En su día, yo llegué a la entrevista de trabajo andando y como unas dos horas antes de que debiera tener lugar. El día era bonito, pero hacía frío y estar sentado dos horas en un banco de la Castellana era algo exagerado. Entrar al edificio tan pronto no era de recibo y yo no sabía muy bien qué hacer, así que me metí en un bar a comer algo, porque se acercaba el mediodía. Como en España en general, y en Madrid en particular, la gente come tarde, el bar estaba bastante vacío. Me atendió un camarero de unos cincuenta años, y yo me senté en una mesa vacía, a cuyo lado había un señor tirando a gordo con el pelo engominado que leía distraído el periódico y a quien el camarero trataba con mucho respeto.

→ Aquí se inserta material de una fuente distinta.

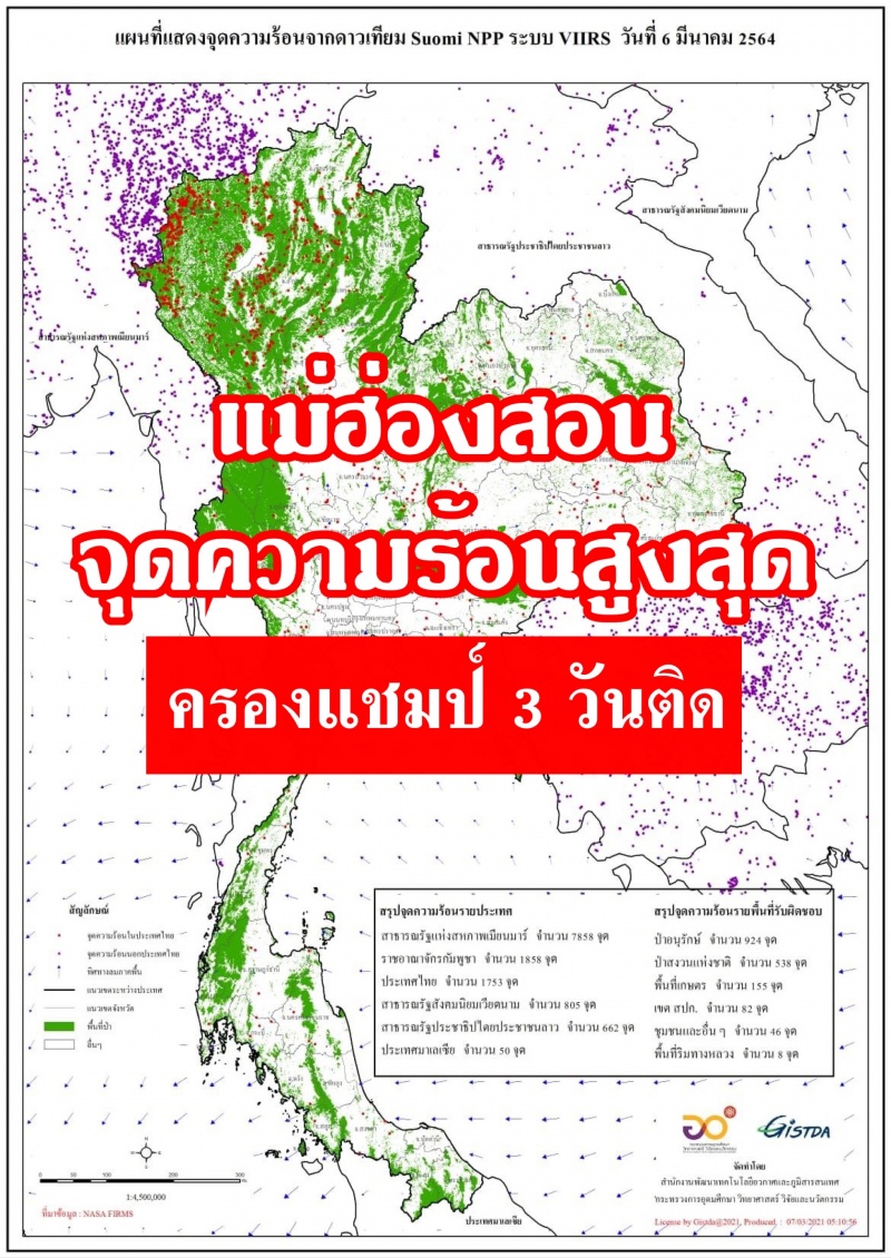 GISTDA เผยข้อมูลจากดาวเทียม Suomi NPP ของระบบ VIIRS เมื่อวันที่ 6 มีนาคม 2564 พบจุดความร้อนรวมทั้งประเทศ 1,753 จุด ภาคเหนือยังคงเป็นพื้นที่ที่พบจุดความร้อนสูงสุด โดยจังหวัด แม่ฮ่องสอน ที่พบจุดความร้อนมากถึง 570 จุด รองลงมาจังหวัด เชียงใหม่ 278 จุด และพื้นที่ของจังหวัด ลำปาง 193 จุด ตามลำดับ ซึ่งพบมากสุดในพื้นที่ป่าอนุรักษ์ 924 จุด พื้นที่ป่าสงวนแห่งชาติ 538 จุด พื้นที่เกษตร 155 จุด พื้นที่เขต สปก. 82 จุด  พื้นที่ชุมชนและอื่นๆ 46 จุดและพื้นที่ริมทางหลวง 8 จุด

- El otro dia conseguimos las pistolas, señor -le dijo.
- ¿Y son buenas? -dijo el cliente sin apenas mirarle.
- Yo las he estado viendo, y son muy buenas. Se las pasamos a Ciríaco.
- ¿A Ciríaco? ¿Y es de confianza?
- Es de confianza, señor.
- Bueno, pero yo se las hubiera pasado a Juan.
- Claro que si, señor, pero Ciríaco también es bueno. También ése le daba a los rojos como el que más.
- Le haré caso si usted lo dice.
El camarero dejó servido al señor engominado y pasó a servirme a mí, que no estaba muy seguro de dónde me había metido. Creo que comí demasiado deprisa y a la salida tenía un nudo en el estómago. Si hubiera sido rojo, no quiero ni pensarlo.
Entretanto, el tren seguía avanzando por La Mancha y los cinco muchachos seguían hablando animadamente entre ellos, a veces con algún detalle de nervios. Sí, la primera llegada a Madrid tiene ese no sé qué de incertidumbre que luego se recuerda con simpatía, pero que en el momento en que se produce es bastante molesto.